A sudden thought appeared in my mind.

Maybe I can trade?

I was nudging the Navajo boy to my left, silently pointing back and forth between his blue container and my orange one, when three claps rang out! Three more claps echoed back from ten or twelve sets of tiny hands. Miss Teacher cleared her throat and sang more than said, “We get what we get....” She trailed off.

“....and we don’t throw a fit,” we chimed back. I blushed, unsure whether she had seen me, or whether this nameless admonition was meant for one of the other ornery boys in the class. I decided to keep my hands to myself, just in case.

Back to the lesson. Miss Teacher said it again. “G-d made man from mud! Formed him from the ground with His own hands, just like you’re doing with your Play-Doh! Except...”

“Wait, Miss Teacher!” The Navajo boy next to me raised his hand excitedly, interrupting our instructor mid-sentence! “Miss Teacher, I have a question!”

“Okay! What is it?” She put her chin on her hands, her elbows on her knees, leaned forward just slightly, and looked at the boy with earnest eyes and ears. She was listening.

“My grandma is a potter! She makes all sorts of really pretty pots! She’s really good! Her hands get dirty because she uses clay and sometimes I help her and my hands get dirty too! Did G-d’s hands get dirty?”

Miss Teacher smiled. She pondered for a moment. “Hmmmm.... Well I’m not sure about that. I think G-d’s hands may have gotten a little dirty!”

She started to speak, but then paused. An idea took root in Miss Teacher's eyes and then her smile. She looked as if she had just been told something very pleasant.

“You know what? I want to ask you about your grandma.

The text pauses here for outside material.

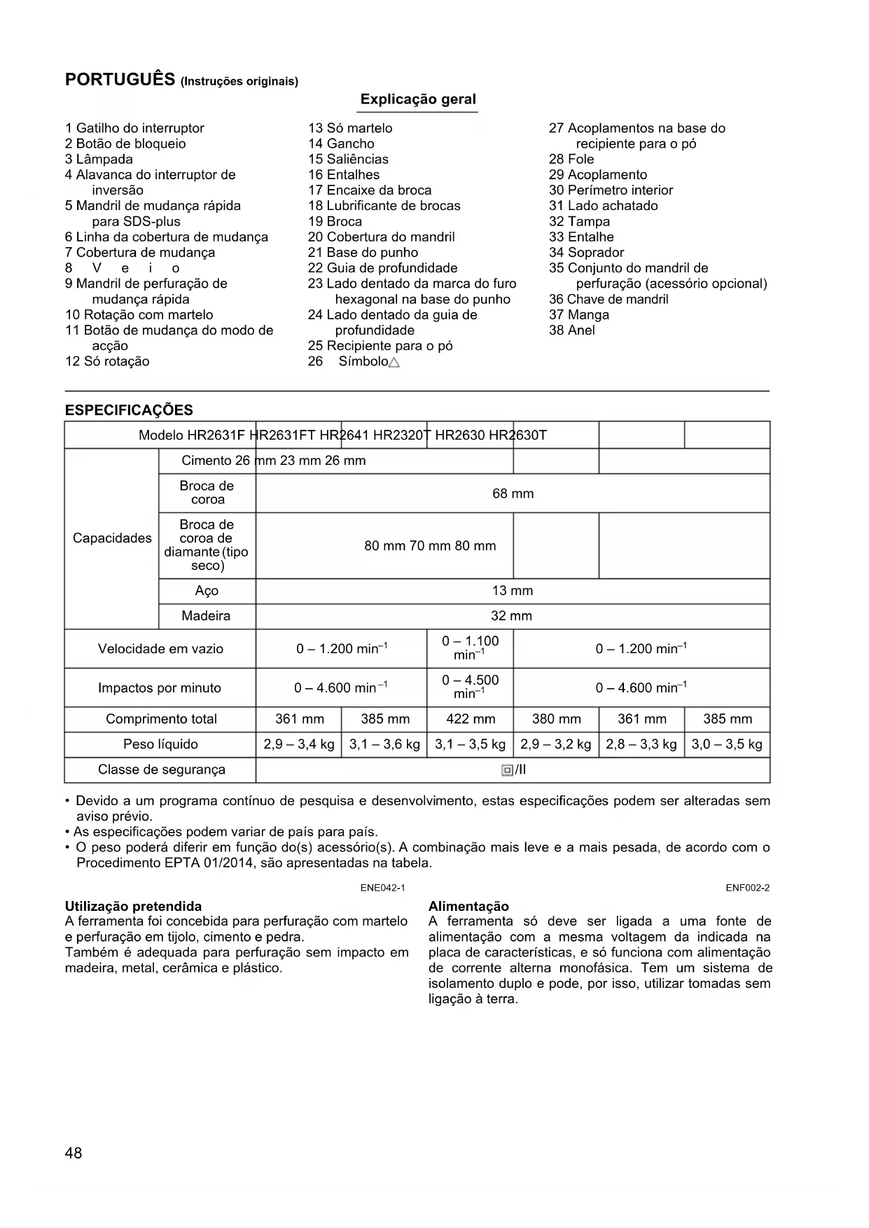 - O peso poderá diferir em função do(s) acessório(s). A combinação mais leve e a mais pesada, de acordo com o Procedimento EPTA 01/2014, são apresentadas na tabela. ENE042-1 Utilização pretendida A ferramenta foi concebida para perfuração com martelo e perfuração em tijolo, cimento e pedra. Também é adequada para perfuração sem impacto em madeira, metal, cerâmica e plástico. ENF002-2 Alimentação A ferramenta só deve ser ligada a uma fonte de alimentação com a mesma voltagem da indicada na placa de características, e só funciona com alimentação de corrente alterna monofásica. Tem um sistema de isolamento duplo e pode, por isso, utilizar tomadas sem ligação à terra. Modelo HR2631F HR2631FT HR2641 HR2320T HR2630 HR2630T Capacidades Cimento 26 mm 23 mm 26 mm Broca de coroa 68 mm Broca de coroa de diamante (tipo seco) 80 mm 70 mm 80 mm Aço 13 mm Madeira 32 mm Velocidade em vazio 0 – 1.200 min

She sounds like a great potter! When she’s making a pot, does she go really really fast or does she take her time?” Miss Teacher’s movements and words were exaggerated, engaging.

The boy stuck out his tongue to the left side of his mouth as he thought about this. “Hmmmm...well, she takes her time, but she’s faster than my aunts and Mom! She sings while she does it, too!”

Miss Teacher’s smile grew. “That’s lovely! Is there anything else your grandma does when she’s making pottery?”

The boy’s tongue moved to the other side of his mouth now, and he squinted. Slowly, he started. “Well, she molds it...

...and after she does that, she let’s it dry...

oh! and then Grandpa and my cousins and I help make a BIG fire and then,” his words began to pick up speed.

“Then Grandma puts the pots in the fire one at a time! And she says she just knows when each one is ready! But I saw her break one once and...!”

Miss Teacher leaned back in her chair, winded by the boy’s enthusiasm. “Phew! That sounds like a lot of work! Thank you for telling us about your grandma!”

The Navajo boy nodded his acknowledgement, and a toothy grin spread wide across his face.

She looked at all of us now. “So G-d made man from mud. Potters make things from clay. What do you think G-d might be, then?”

The Navajo boy next to me sat up a little bit straighter and shouted out, “He’s a potter!”

“A very good connection, sweetie. Great job!” Miss Teacher air high-fived him. He reciprocated the air-five and held his chin up proudly.

“So... G-d formed us from the Earth. He was careful and made sure we were just right and then....” She inhaled deeply and held her breath for a few seconds, just long enough to cause each of us to lean forward slightly with anticipation. Slowly, she began to let the air flow out of her lungs.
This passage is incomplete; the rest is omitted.